Task directions:
Find the lines in the records below that contain "with", and report each of them.

(Records from a collection)
--- START ---

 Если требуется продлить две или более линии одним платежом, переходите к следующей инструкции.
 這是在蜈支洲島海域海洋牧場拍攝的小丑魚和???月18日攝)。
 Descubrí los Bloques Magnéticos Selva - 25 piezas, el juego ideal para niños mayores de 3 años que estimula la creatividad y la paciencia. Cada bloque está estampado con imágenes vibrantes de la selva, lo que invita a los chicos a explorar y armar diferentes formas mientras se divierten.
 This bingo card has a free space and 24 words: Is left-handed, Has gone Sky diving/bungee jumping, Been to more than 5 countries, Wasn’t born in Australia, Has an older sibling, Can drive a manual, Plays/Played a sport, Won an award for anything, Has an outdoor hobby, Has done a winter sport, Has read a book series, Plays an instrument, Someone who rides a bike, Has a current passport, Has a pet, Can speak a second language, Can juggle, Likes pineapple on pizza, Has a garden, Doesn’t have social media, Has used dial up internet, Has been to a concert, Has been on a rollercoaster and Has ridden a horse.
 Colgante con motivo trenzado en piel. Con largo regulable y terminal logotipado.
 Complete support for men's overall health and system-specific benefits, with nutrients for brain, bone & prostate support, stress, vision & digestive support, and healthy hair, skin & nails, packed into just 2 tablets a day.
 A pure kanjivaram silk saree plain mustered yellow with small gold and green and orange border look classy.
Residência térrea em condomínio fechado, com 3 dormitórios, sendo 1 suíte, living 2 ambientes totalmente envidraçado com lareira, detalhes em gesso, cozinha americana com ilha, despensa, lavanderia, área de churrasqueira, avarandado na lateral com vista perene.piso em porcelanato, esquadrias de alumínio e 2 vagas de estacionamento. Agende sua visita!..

--- END ---

Final answer:
 Complete support for men's overall health and system-specific benefits, with nutrients for brain, bone & prostate support, stress, vision & digestive support, and healthy hair, skin & nails, packed into just 2 tablets a day.
 A pure kanjivaram silk saree plain mustered yellow with small gold and green and orange border look classy.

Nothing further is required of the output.